### TASK BRIEF
Where a record contains an image, leave the image out and print the rest exactly.
--- START ---
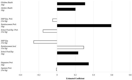 First, regarding out-of-pocket (OOP) expenditure, both the first (−0.050) and second stage (−0.257) coefficients are insignificant (Table 3, Columns 1–2). This indicates that the policy is not significantly associated with the probability or amount of OOP expenditure for rural children.
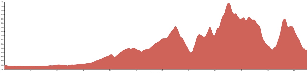 Using both graphs, alongside the grading and terrain information provided, should however give you a good idea of how flat, bumpy or steep the climbing on your particular tour is going to be.
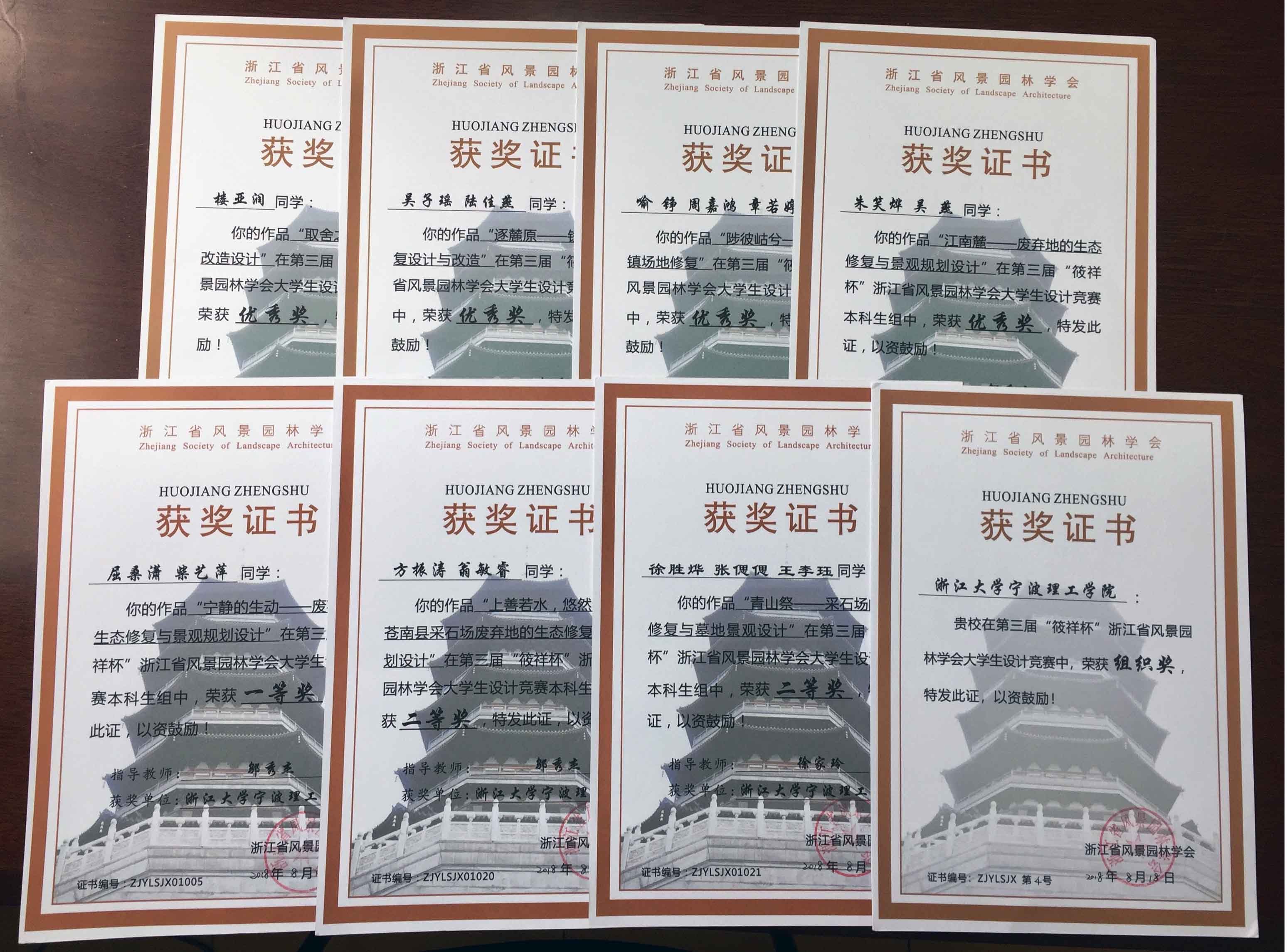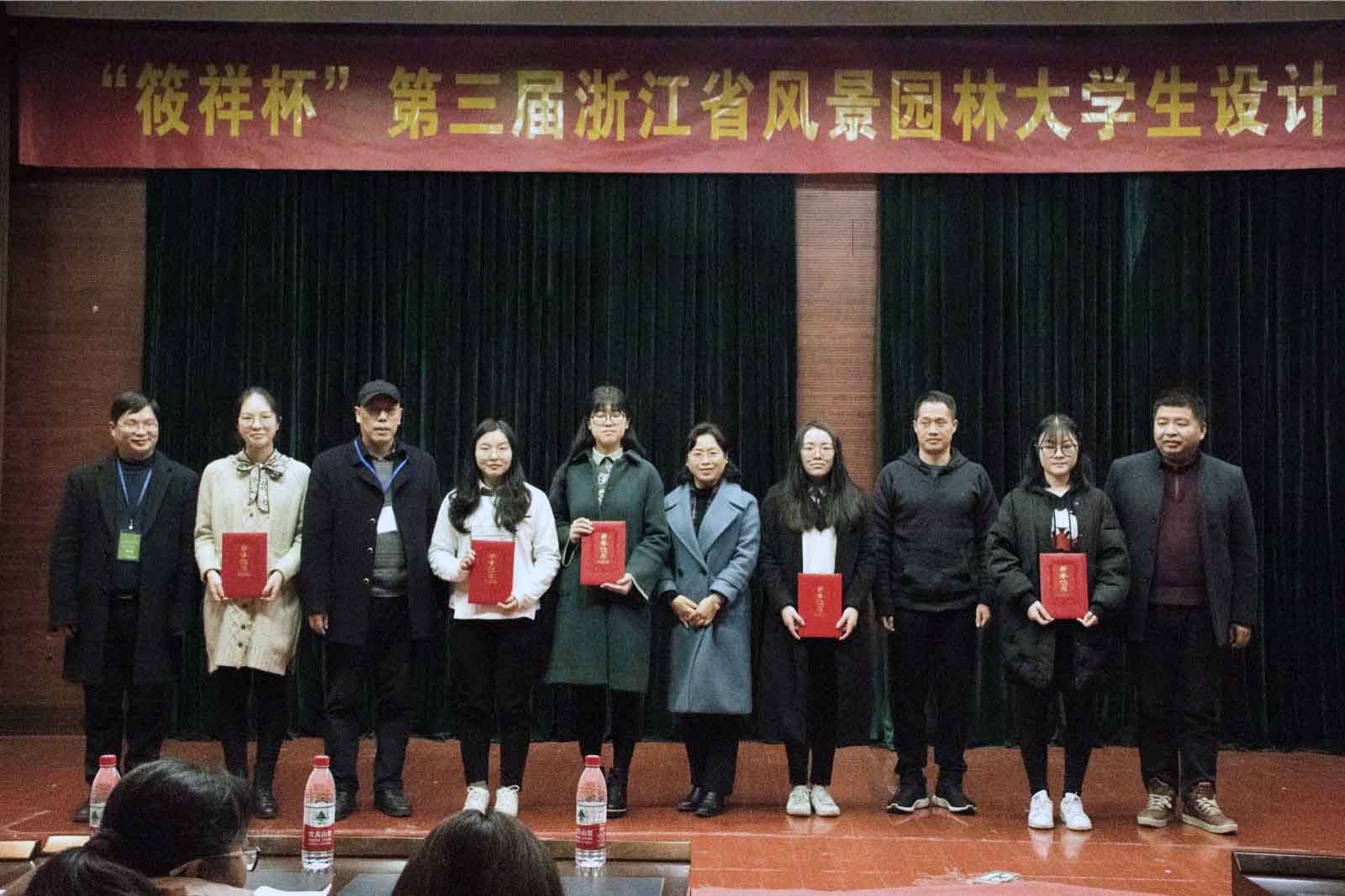 2018年12月,第三届“筱祥杯”浙江省风景园林学会大学生设计竞赛传来喜讯:我校环境设计专业学子在该比赛中获得一等奖。该比赛由浙江省风景园林学会主办,浙江大学园林研究所承办。竞赛颁奖仪式于12月22日在浙江大学紫金港校区农业与生物技术学院举行。我校传媒学院姚佳老师作为教师代表,与获奖学生代表方振涛和朱家纯共同出席本次颁奖仪式。
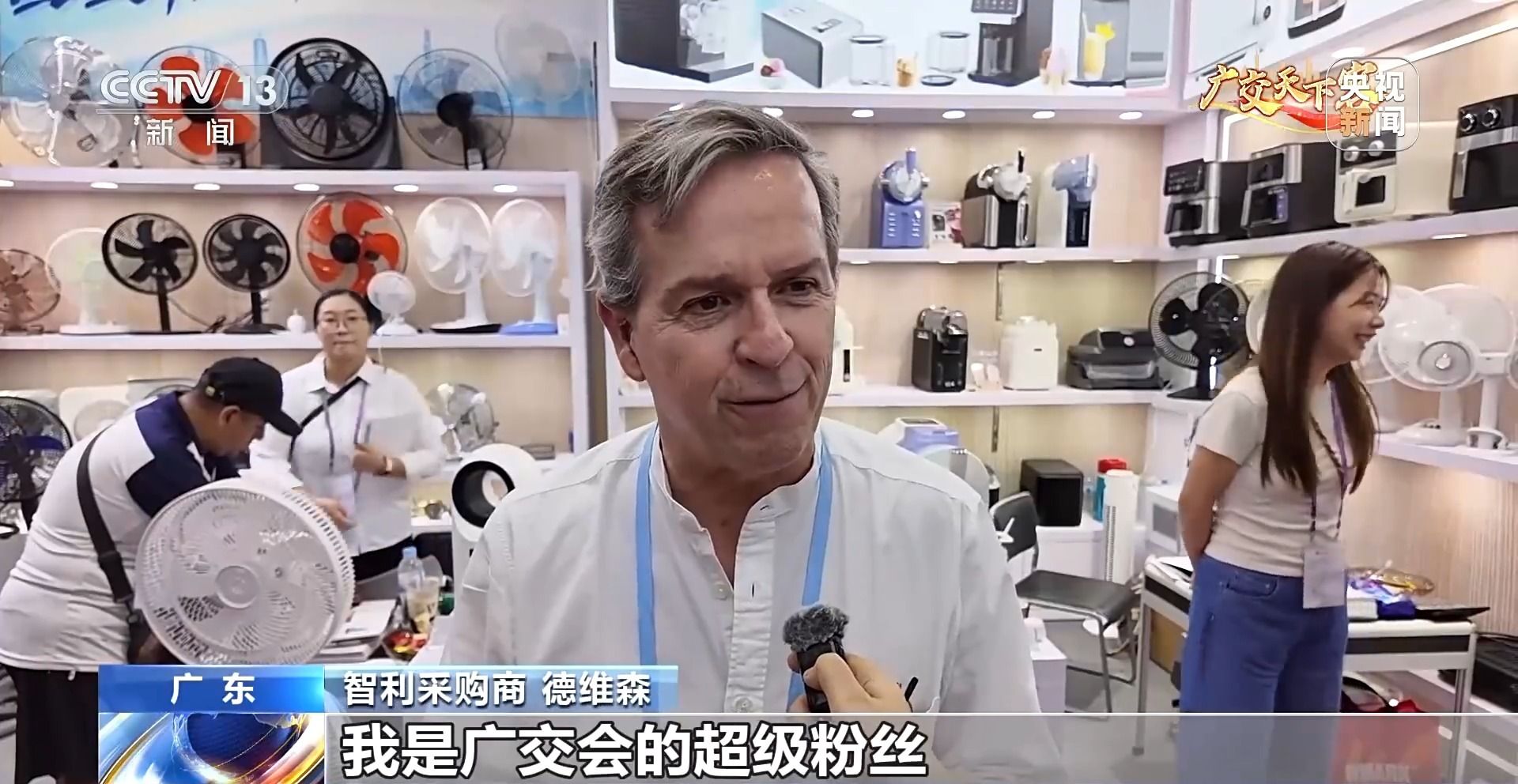 智利采購商 德維森:我是廣交會的超級粉絲,我非常佩服中國企業的創新能力,每年我都能找到很多新產品,我們公司每年購買大約四千萬到四千五百萬美元。
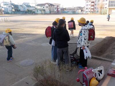 ・安全帽子は必ずかぶって帰りましょう。(途中で帽子をはずさない。)
--- END ---
### FINISHED EXERCISE
 First, regarding out-of-pocket (OOP) expenditure, both the first (−0.050) and second stage (−0.257) coefficients are insignificant (Table 3, Columns 1–2). This indicates that the policy is not significantly associated with the probability or amount of OOP expenditure for rural children.
 Using both graphs, alongside the grading and terrain information provided, should however give you a good idea of how flat, bumpy or steep the climbing on your particular tour is going to be.
 2018年12月,第三届“筱祥杯”浙江省风景园林学会大学生设计竞赛传来喜讯:我校环境设计专业学子在该比赛中获得一等奖。该比赛由浙江省风景园林学会主办,浙江大学园林研究所承办。竞赛颁奖仪式于12月22日在浙江大学紫金港校区农业与生物技术学院举行。我校传媒学院姚佳老师作为教师代表,与获奖学生代表方振涛和朱家纯共同出席本次颁奖仪式。
 智利采購商 德維森:我是廣交會的超級粉絲,我非常佩服中國企業的創新能力,每年我都能找到很多新產品,我們公司每年購買大約四千萬到四千五百萬美元。
 ・安全帽子は必ずかぶって帰りましょう。(途中で帽子をはずさない。)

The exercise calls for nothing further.